▶ [LISTED RECORDS]
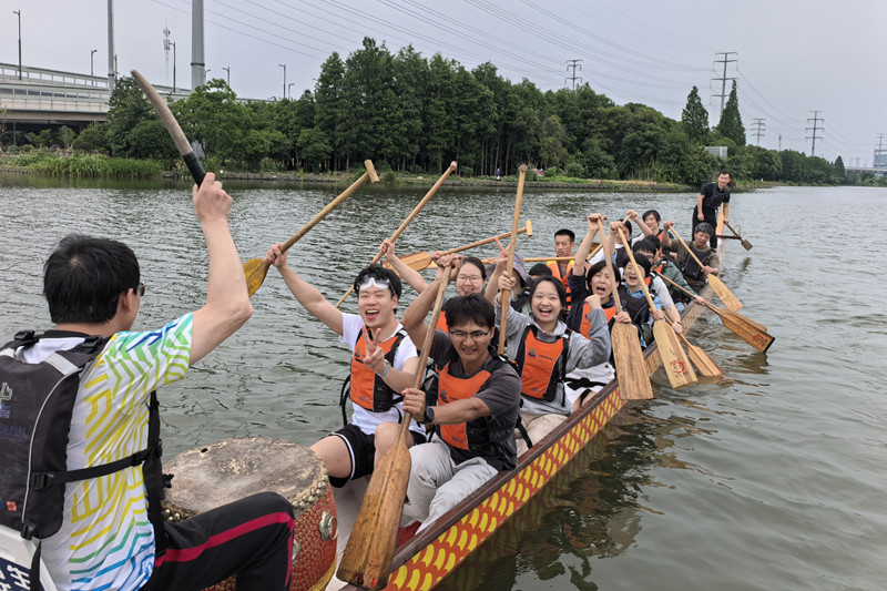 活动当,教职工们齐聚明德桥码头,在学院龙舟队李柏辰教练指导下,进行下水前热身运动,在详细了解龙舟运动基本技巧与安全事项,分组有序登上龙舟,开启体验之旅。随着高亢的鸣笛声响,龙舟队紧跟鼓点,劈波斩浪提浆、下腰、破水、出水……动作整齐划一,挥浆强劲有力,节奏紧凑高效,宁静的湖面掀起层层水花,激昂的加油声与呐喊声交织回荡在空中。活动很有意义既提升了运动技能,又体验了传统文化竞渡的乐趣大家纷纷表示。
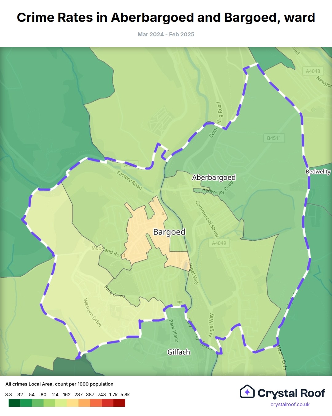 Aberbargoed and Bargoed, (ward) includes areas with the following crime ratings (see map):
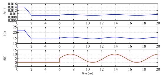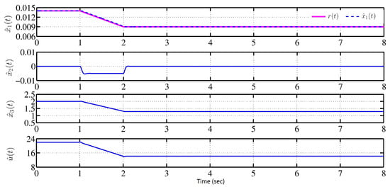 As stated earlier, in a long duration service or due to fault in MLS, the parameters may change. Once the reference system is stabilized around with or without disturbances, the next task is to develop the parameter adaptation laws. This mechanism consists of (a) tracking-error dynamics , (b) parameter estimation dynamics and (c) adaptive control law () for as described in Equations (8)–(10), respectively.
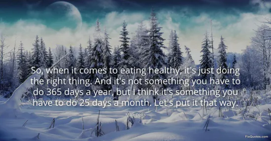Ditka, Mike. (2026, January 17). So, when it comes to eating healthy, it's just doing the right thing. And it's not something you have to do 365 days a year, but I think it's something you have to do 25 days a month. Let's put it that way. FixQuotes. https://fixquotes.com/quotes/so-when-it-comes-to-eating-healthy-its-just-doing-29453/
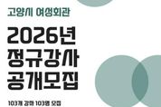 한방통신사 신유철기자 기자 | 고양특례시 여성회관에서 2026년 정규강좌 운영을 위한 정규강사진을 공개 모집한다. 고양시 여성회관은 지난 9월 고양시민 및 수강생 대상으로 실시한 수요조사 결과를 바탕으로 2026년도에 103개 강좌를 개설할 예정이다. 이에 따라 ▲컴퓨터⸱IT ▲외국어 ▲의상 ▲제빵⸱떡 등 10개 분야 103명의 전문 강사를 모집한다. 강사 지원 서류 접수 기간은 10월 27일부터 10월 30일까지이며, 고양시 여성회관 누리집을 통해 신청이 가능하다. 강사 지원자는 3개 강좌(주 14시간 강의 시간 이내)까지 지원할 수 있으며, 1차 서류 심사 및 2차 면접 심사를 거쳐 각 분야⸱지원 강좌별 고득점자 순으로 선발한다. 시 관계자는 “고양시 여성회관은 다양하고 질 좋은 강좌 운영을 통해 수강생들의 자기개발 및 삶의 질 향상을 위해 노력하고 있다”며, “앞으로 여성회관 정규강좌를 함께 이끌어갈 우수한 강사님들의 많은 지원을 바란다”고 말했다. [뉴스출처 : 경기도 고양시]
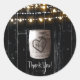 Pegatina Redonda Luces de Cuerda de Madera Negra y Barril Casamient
--
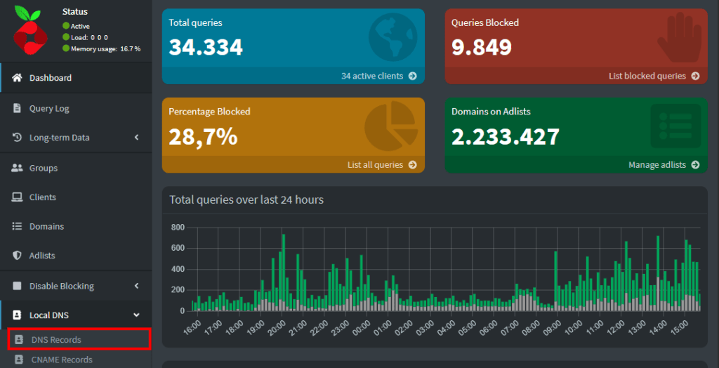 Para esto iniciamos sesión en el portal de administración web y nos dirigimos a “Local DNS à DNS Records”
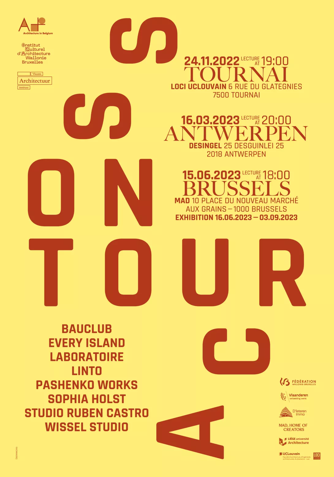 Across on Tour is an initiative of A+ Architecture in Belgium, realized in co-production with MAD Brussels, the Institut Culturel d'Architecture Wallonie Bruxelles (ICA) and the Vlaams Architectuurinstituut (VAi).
---
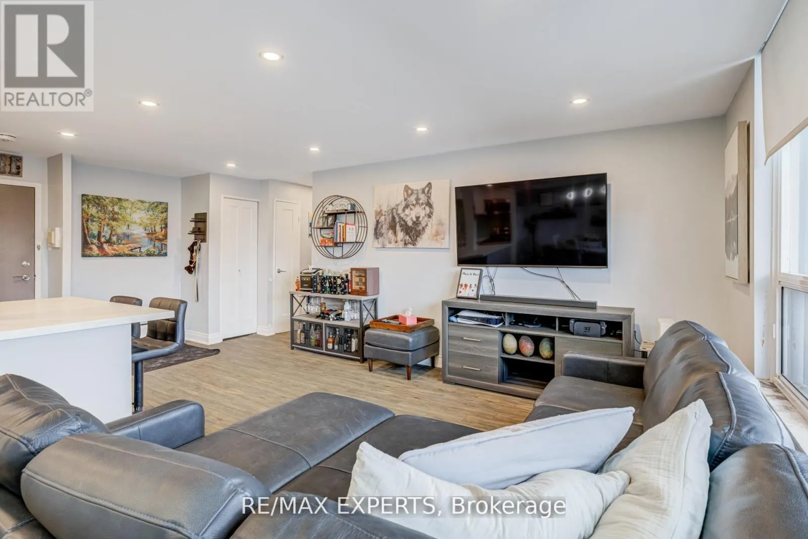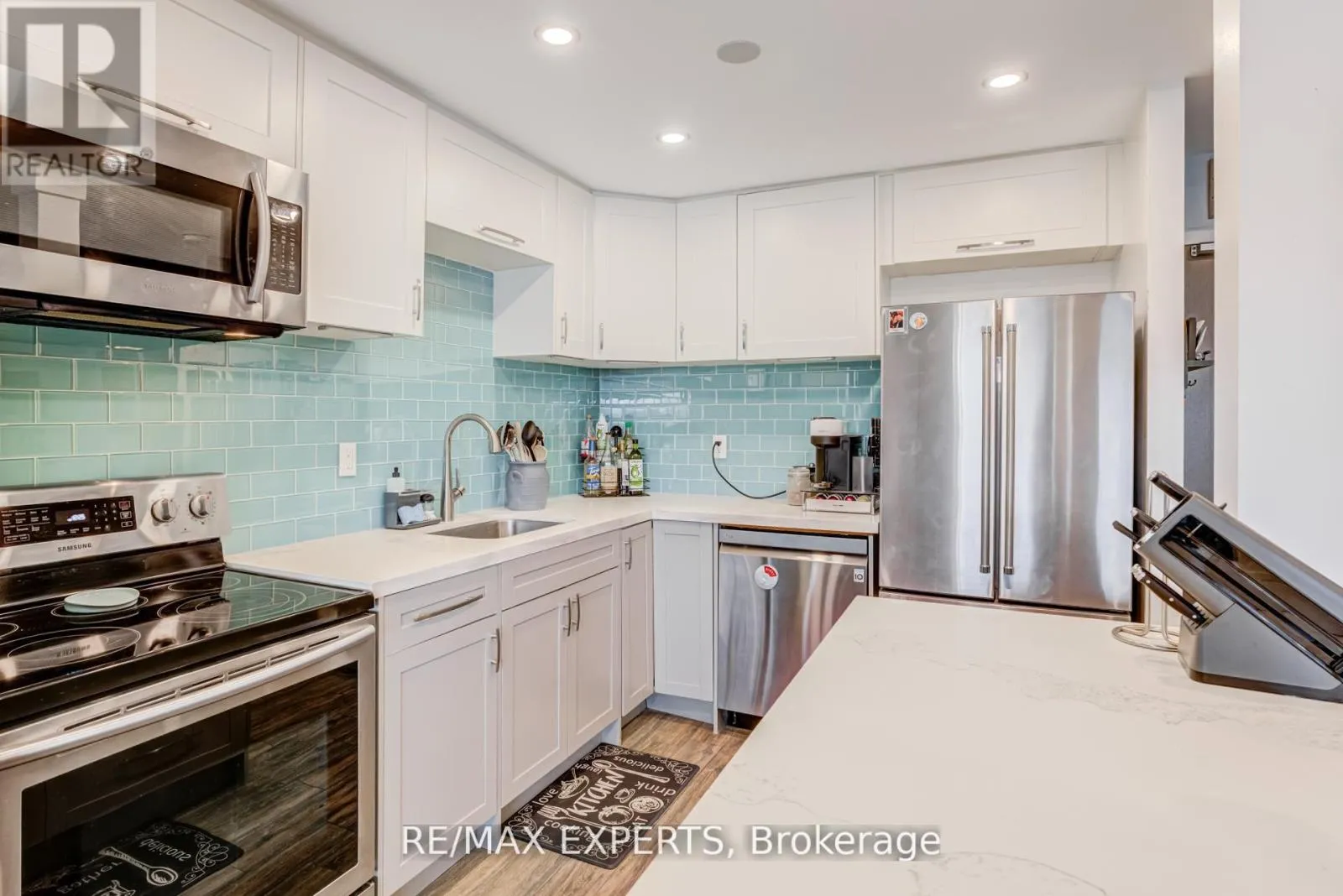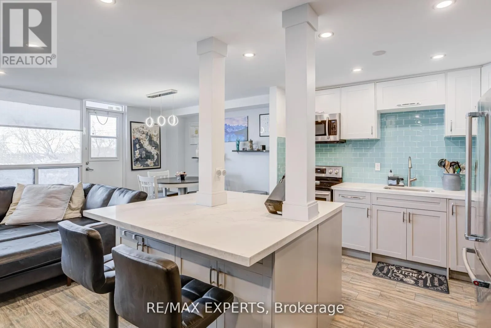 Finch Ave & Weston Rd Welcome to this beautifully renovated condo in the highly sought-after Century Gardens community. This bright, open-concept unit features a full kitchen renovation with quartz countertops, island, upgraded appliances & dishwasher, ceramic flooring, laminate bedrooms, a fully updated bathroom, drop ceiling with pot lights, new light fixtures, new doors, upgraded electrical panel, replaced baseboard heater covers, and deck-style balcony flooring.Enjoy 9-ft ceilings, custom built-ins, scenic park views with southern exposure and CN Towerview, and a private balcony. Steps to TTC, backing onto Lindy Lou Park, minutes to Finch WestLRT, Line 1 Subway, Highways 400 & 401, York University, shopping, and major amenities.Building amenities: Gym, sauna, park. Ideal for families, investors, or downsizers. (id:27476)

▶ [EXERCISE DETAILS] The response must repeat exactly the lines above from the one with "Para esto iniciamos" through the one with "Across on Tour", including both, and must contain no pictures and no other text.

▶ [COMPLETED EXERCISE]
 Para esto iniciamos sesión en el portal de administración web y nos dirigimos a “Local DNS à DNS Records”
 Across on Tour is an initiative of A+ Architecture in Belgium, realized in co-production with MAD Brussels, the Institut Culturel d'Architecture Wallonie Bruxelles (ICA) and the Vlaams Architectuurinstituut (VAi).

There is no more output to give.